The focus of the Healthy Heart My Wellness challenge this week is preventative care. This is a great opportunity to build habits that can keep you healthier in the long run. One way to be proactive with your health is to see a primary care provider (PCP). A PCP is essential for monitoring your health and managing chronic conditions.
You can earn 50 My Wellness points by visiting your PCP annually. Track this in the My Wellness Portal to earn points.
Choosing a primary care provider from UMR Care
A PCP is your main health care provider in non-emergency situations. Your PCP’s role is to:
- Provide preventive care and teach healthy lifestyle choices
- Identify and treat common medical conditions
- Assess the urgency of your medical problems and direct you to the best place for that care
- Make referrals to medical specialists when necessary
Having a PCP can give you a trusting, ongoing relationship with one medical professional over time. You can choose from several different types of PCPs:
- Family practitioners: Doctors who have completed a family practice residency and are board-certified, or board-eligible, for this specialty. The scope of their practice includes children and adults of all ages and may include obstetrics and minor surgery.
- Pediatricians: Doctors who have completed a pediatric residency and are board-certified or board-eligible in this specialty. The scope of their practice includes the care of newborns, infants, children and adolescents.
- Geriatricians: Doctors who have completed a residency in either family medicine or internal medicine and are board-certified in this specialty. They often serve as a PCP for older adults with complex medical needs related to aging.

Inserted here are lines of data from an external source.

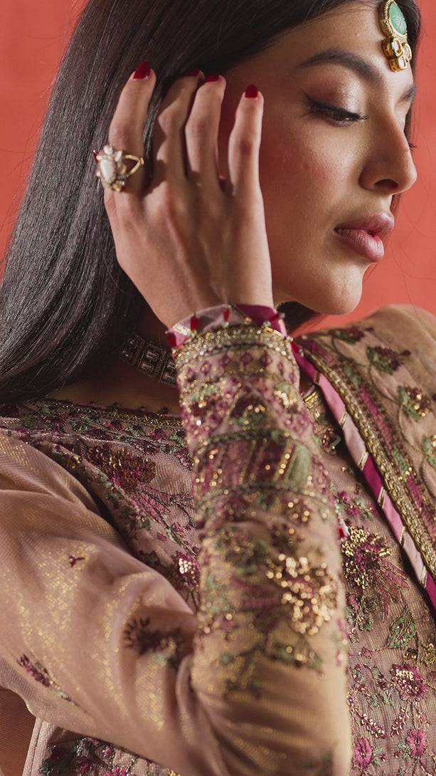 A whisper of dusk captured in silk, where the softness of tea pink dissolves into the shadows of a wild garden. This ensemble is a symphonic blend of purplish pink, deep tea pink, and sage green threadwork, evoking a floral landscape under a silver moon. Two-toned antique gold zari and cupped sequins provide a vintage luster that feels inherited rather than made. Below, a crushed lehenga ripples with every movement, framed by a monumental embroidered border, while the four-sided embroidered dupatta envelopes the wearer in an aura of ethereal grace.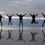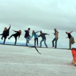 Okolo ôsmej prídeme k ostrovčeku a jedno auto to tam zapichne. Naše dve autá zaparkujú na vedľajšom ostrovčeku. Tých tu veru vôbec nie je veľa a nechápem, ako to tu vôbec našli. Tu už ale úplne bez zábran dávam dole tenisky aj ponožky a poďho do ľadovej slanej vody mimo ostrovčeka. Je čas na fotenie a i keď bosý, poriadne sa do toho obúvam. Skáčem v plytkej vode aby ma K odfotila vo vzduchu, ale aj tak som zamočený až po hruď. Nevadí mi to, nie je až tak zima. Slnko celkom fajne hreje cez husté oblaky. Problém nastane, keď voda obschne a po kvapkách zostanú soľné stopy. Vyzerám ako soľný leopard. Zo začiatku je mi zima na nohy, potom už zimu vôbec necítim. Ale uvedomujem si, že chodidlá treba poriadne vysušiť a čo najlepšie prehriať.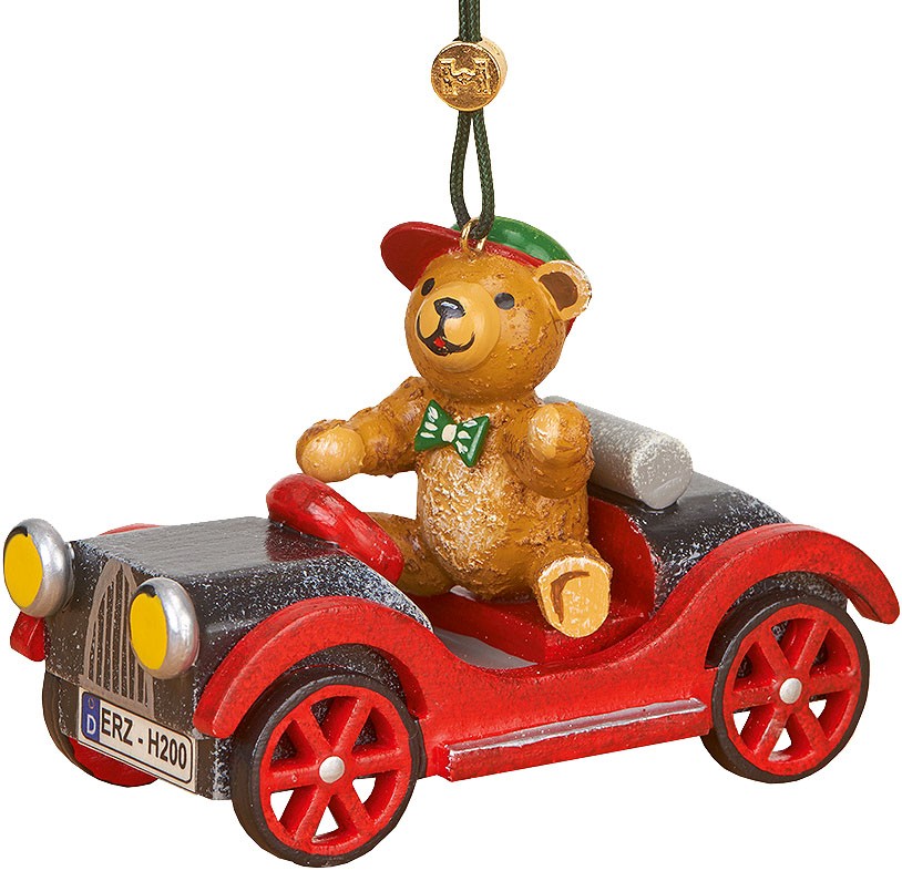 Ein Teddy sitzt in eine rot-silbernen Auto. Auf seinem Kopf sitzt eine grüne Mütze mit rotem Schirm. Eine grüne Fliege hat er sich um seinen Hals gebunden.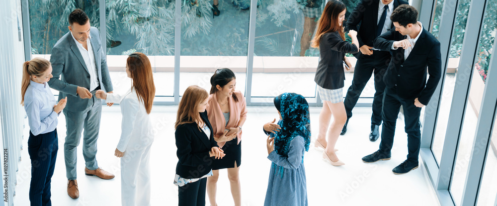 Many business people gathering in modern office building for business conference in the city. Businessmen and businesswomen communication and human resources concept. uds #1027822214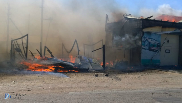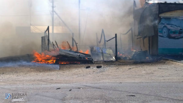 Сегодня днём в микрорайоне Солдатский в Улан-Удэ произошёл пожар, вспыхнули пункт обмена газовых баллонов и здание СТО. По словам очевидцев, заискрила электроподстанция и потом пламя перекинулось на строения.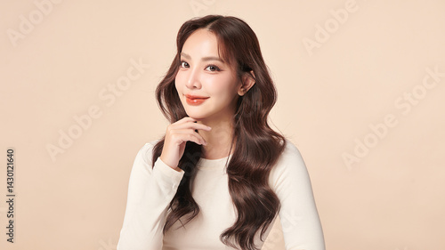 A beautiful young Asian woman with clean, fresh skin against a beige background. Skincare, facial treatment, cosmetology, beauty, and spa. An elegant portrait of an Asian woman.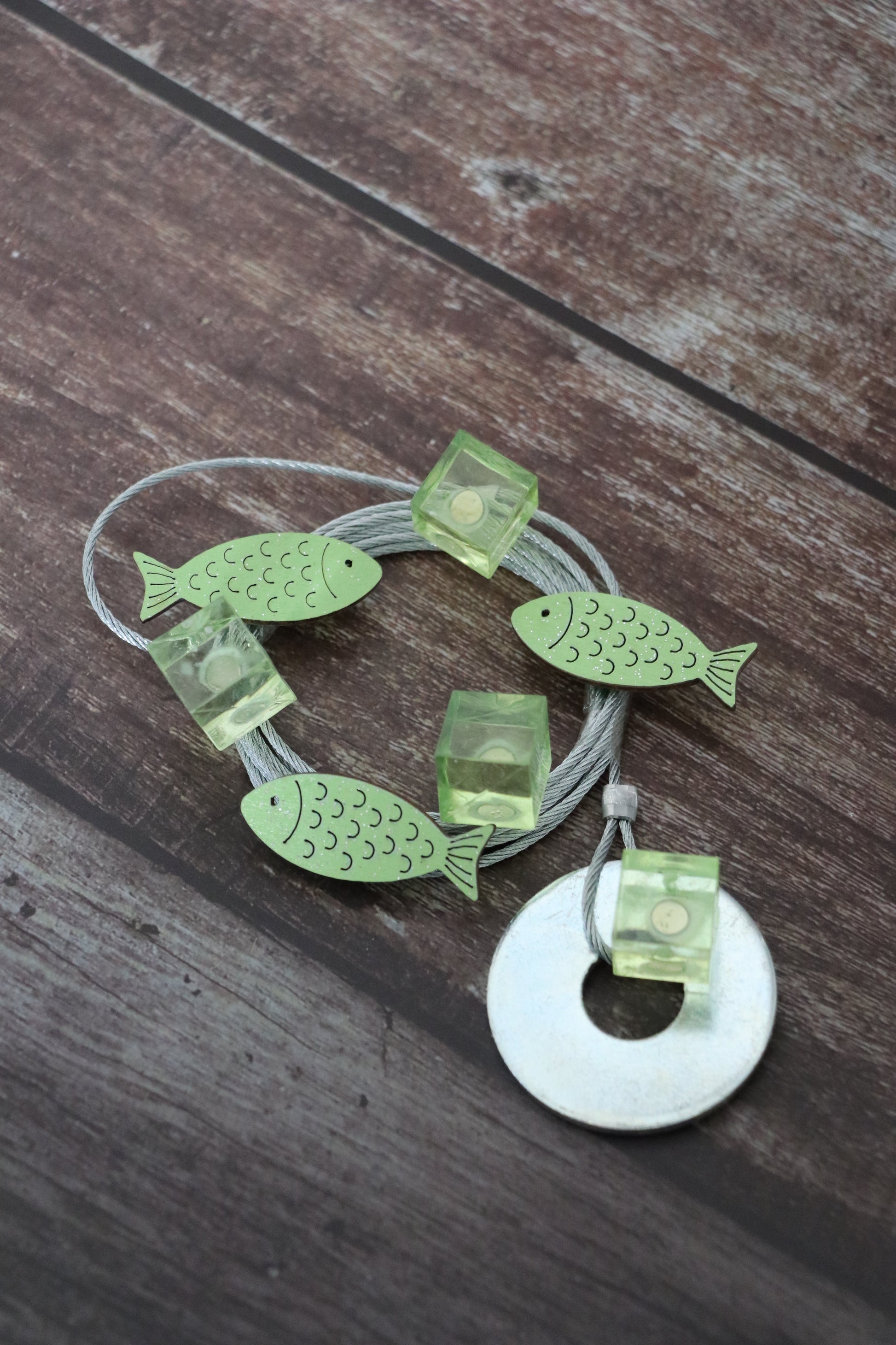 Fotoseilset mit Magneten (vertikal) - Fische grün

- Internists: Doctors who have completed a residency in internal medicine and are board-certified or board-eligible in this specialty. The scope of their practice includes the care of adults of all ages for many different medical problems.
- Obstetricians/gynecologists: Doctors who have completed a residency and are board-certified or board-eligible in this specialty. They often serve as a PCP for women, particularly those of childbearing age.
- Nurse practitioners (NP) and physician assistants (PA): Practitioners who go through a different training and certification process than doctors. They may be your PCP in some practices.